= Coffee wastewater =

Byproduct of coffee processing

Coffee wastewater, also known as coffee effluent, is a byproduct of coffee processing. Its treatment and disposal is an important environmental consideration for coffee processing as wastewater is a form of industrial water pollution.

The unpicked fruit of the coffee tree, known as the coffee cherry, undergoes a long process to make it ready for consumption. This process often entails use of large quantities of water and the production of considerable amounts of solid and liquid waste. The type of waste is a result of the type of process that the coffee cherries go through. The conversion of the cherry to oro or green bean (the dried coffee bean which is ready to be exported) is achieved through either a dry, semi-washed or fully washed process.

== Processing ==

=== Dry ===

The coffee cherries are dried immediately after they are harvested through sun drying, solar drying or artificial drying. In sun drying, the coffee cherries are placed on a clean floor and left to dry in the open air. In solar drying, the cherries are placed in a closed cabinet, which has ventilation holes to let moisture out. Artificial drying is used mostly during the wet season, when the low level of sunlight extends the time needed for solar drying and the cherries are prone to mold growth. After being dried, the cherries are hulled. In this process the dried outer layer of the cherry, known as the pericarp, is removed mechanically.

=== Semi-washed ===

In semi-washed processing, the cherries are de-pulped to remove the pericarp.
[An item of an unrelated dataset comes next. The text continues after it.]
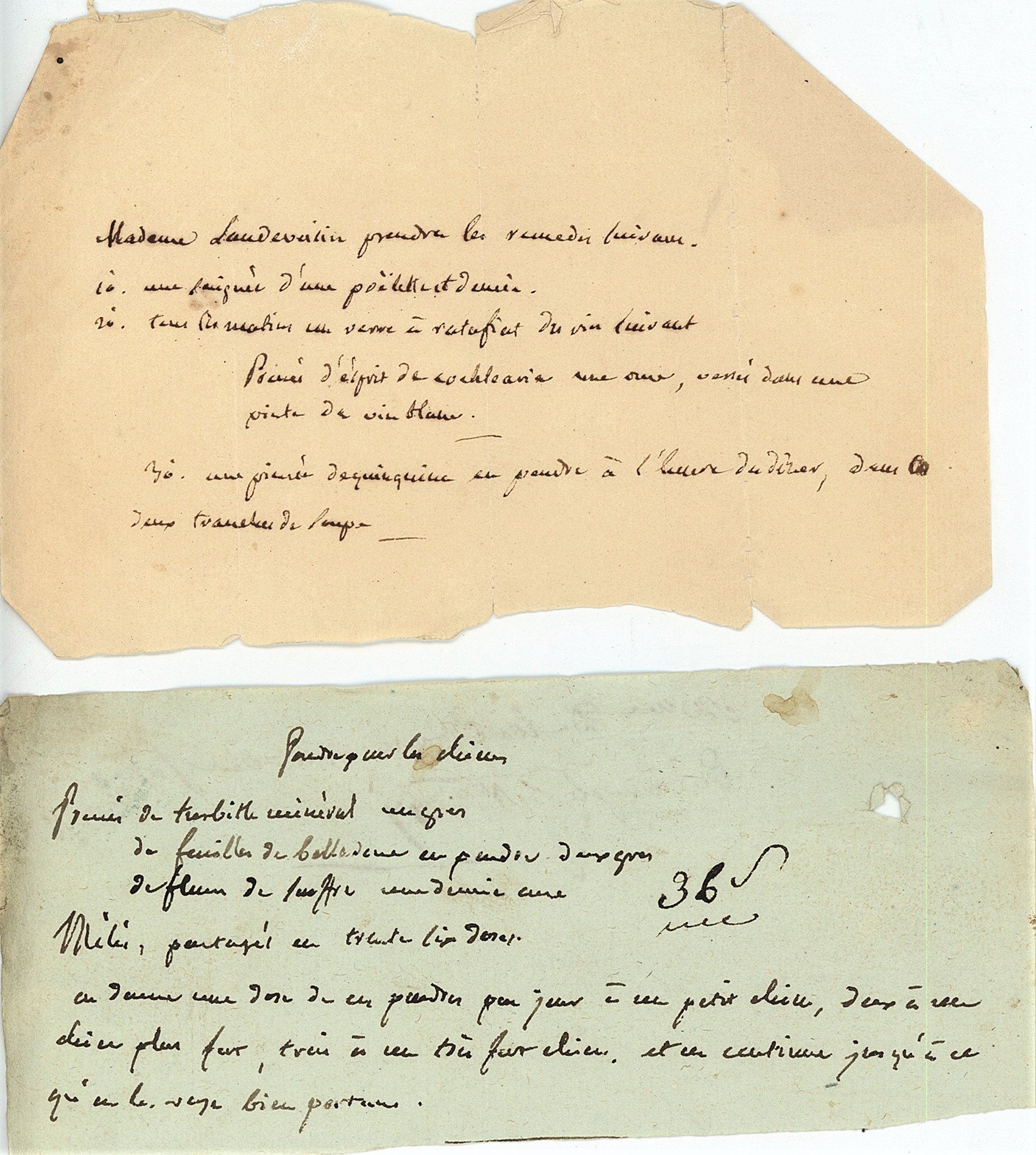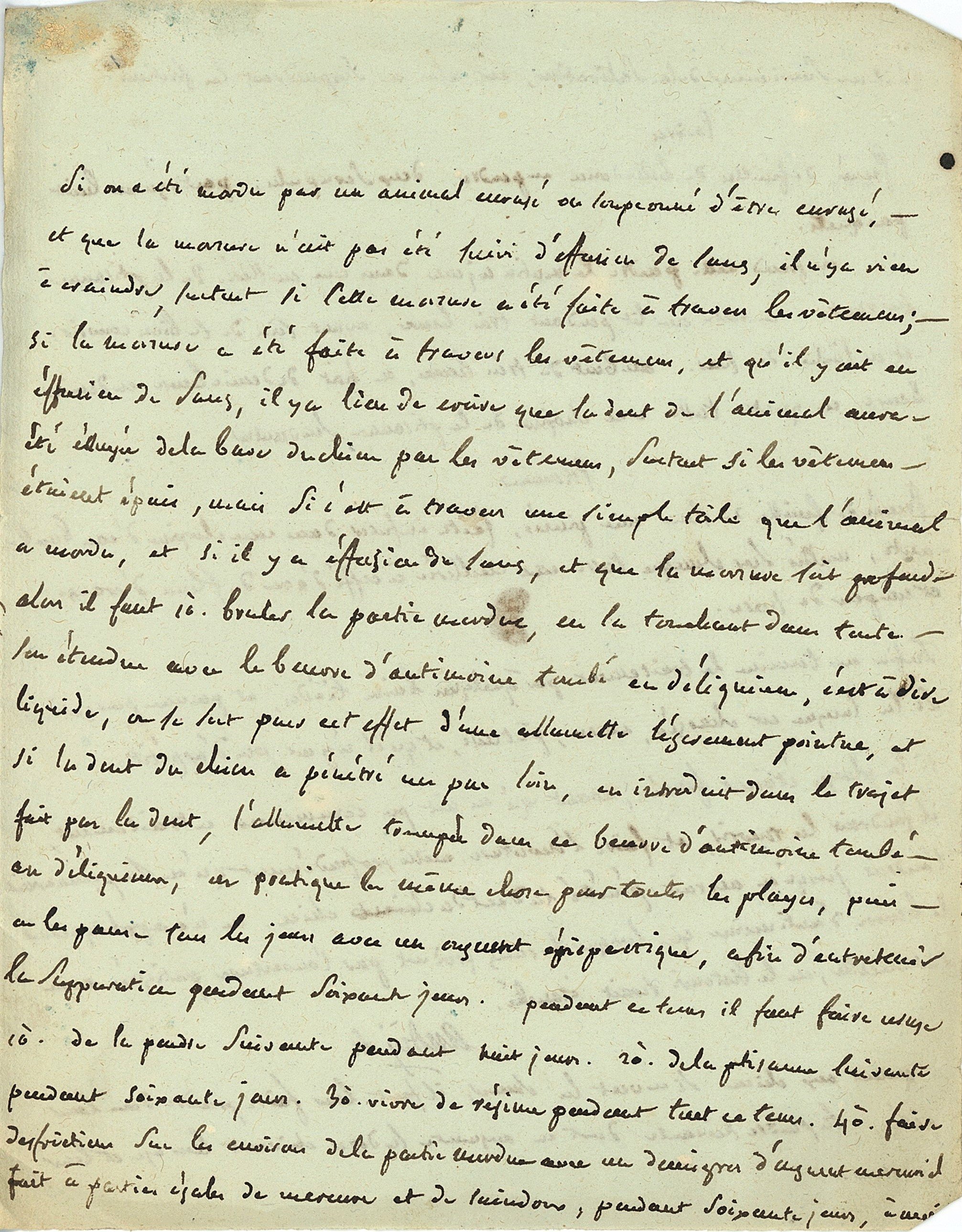 Réunion de 1 L.A.S. et de 5 P.A., fin du 18e siècle, adressées à la famille Soucanye de Landevoisin au château d’Auvillers à Neuilly-sous-Clermont (Oise) ; prescriptions médicales dont intéressante L.A.S. sur la manière de réagir en cas de morsure par un animal enragé : « Si on a été mordu par un animal enragé ou soupçonné d’être enragé et que la morsure n’eut pas été suivi d’effusion de sang, il n’y a rien à craindre, surtout si cette morsure a été faite à travers les vêtemens ; si la morsure a été faite à travers les vêtemens, et qu’il y ait eu effusion de sang, il y a lieu de croire que la dent de l’animal aura été essuyée de la bave du chien par les vêtemens (…) mais si c’est à travers une simple toile que l’animal a mordu, et s’il y a effusion de sang, et que la morsure soit profonde alors il faut 1/ bruler la partie mordue, en la touchant dans toute son étendue avec le beure d’antimoine… »

After this the slimy mucilage layer which covers the bean is removed. This is done mechanically by feeding the beans into a cylindrical device which conveys them upward. While the friction and pressure exerted on the beans by this process is enough to remove most of the mucilage, a small amount of it will still remain in the centre-cut of the beans. This technique is used in Colombia and Mexico in order to reduce the water consumption from the long fermentation process and the extensive washing.

==== Becolsub ====

In order to reduce the contamination generated by the wet process of coffee fruits, scientists at Cenicafé developed a technology that avoids using water when not needed and uses the right water when needed. The technology, called Becolsub (taken from the initials of the Spanish for ecological wet coffee process with by-products handling: Beneficio Ecologicos Sub-productos), controls more than 90% of the contamination generated by its predecessor. The quality of the coffee processed this way is the same as for coffee processed by natural fermentation.

The Becolsub technology consists of pulping without water, mechanical demucilaging and mixing the by-products (fruit outer-skin and mucilage) in a screw conveyor. The technology also includes a hydromechanical device to remove floating fruits and light impurities, as well as heavy and hard objects, and a cylindrical screen to remove the fruits whose skin was not separated in the pulping machine. Scientists at Cenicafé discovered that a coffee fruit with mucilage (immature and dry fruits have no mucilage) has enough water inside for the skin and seeds to be separated in conventional pulping machines without water, that the liquid was only required as a conveying means and that pulping without water avoids 72% of the potential contamination.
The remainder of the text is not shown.